__Work to complete__: Write out again the lines from the line with "ディアブロヤマモトのニッチ生エッジデザインウールスカートイレギュラーヘムAラインスカート秋冬厚手スカート オータム 秋物" up to and including the line with "Используйте отвертку Torx", exactly as they stand below, and skip any picture.

__Material supplied__:

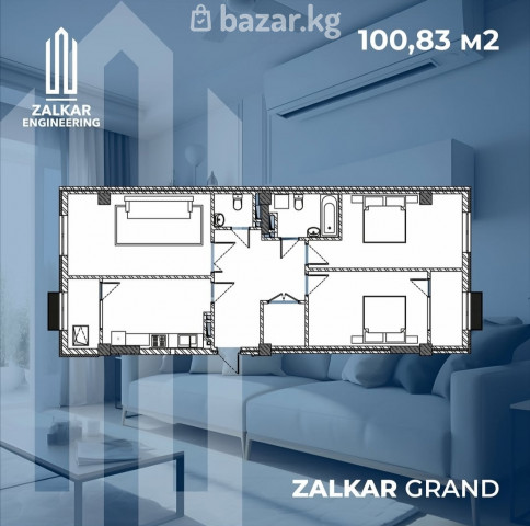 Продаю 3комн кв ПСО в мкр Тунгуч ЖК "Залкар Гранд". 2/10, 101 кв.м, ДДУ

* * *

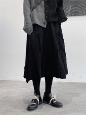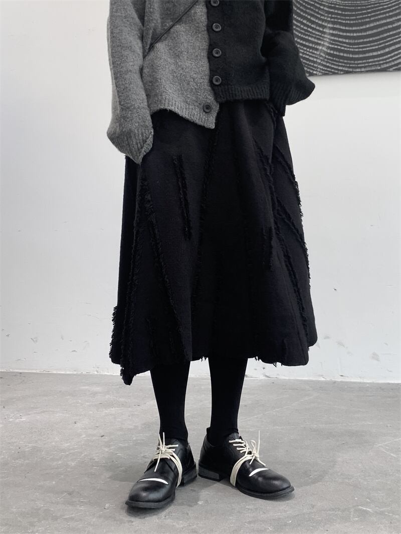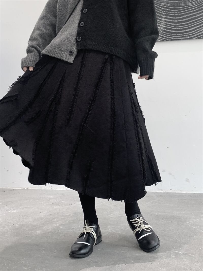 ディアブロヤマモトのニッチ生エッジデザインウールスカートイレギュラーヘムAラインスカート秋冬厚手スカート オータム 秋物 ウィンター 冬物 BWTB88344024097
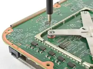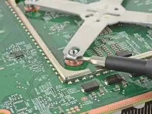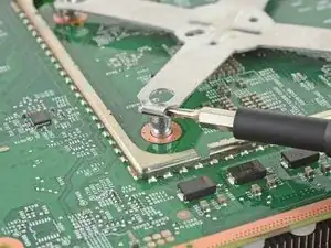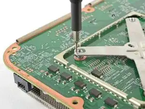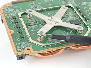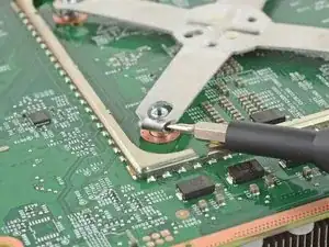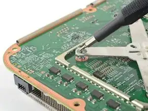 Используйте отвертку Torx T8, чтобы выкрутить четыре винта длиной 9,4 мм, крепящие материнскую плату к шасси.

__Task answer__:
 ディアブロヤマモトのニッチ生エッジデザインウールスカートイレギュラーヘムAラインスカート秋冬厚手スカート オータム 秋物 ウィンター 冬物 BWTB88344024097
 Используйте отвертку Torx T8, чтобы выкрутить четыре винта длиной 9,4 мм, крепящие материнскую плату к шасси.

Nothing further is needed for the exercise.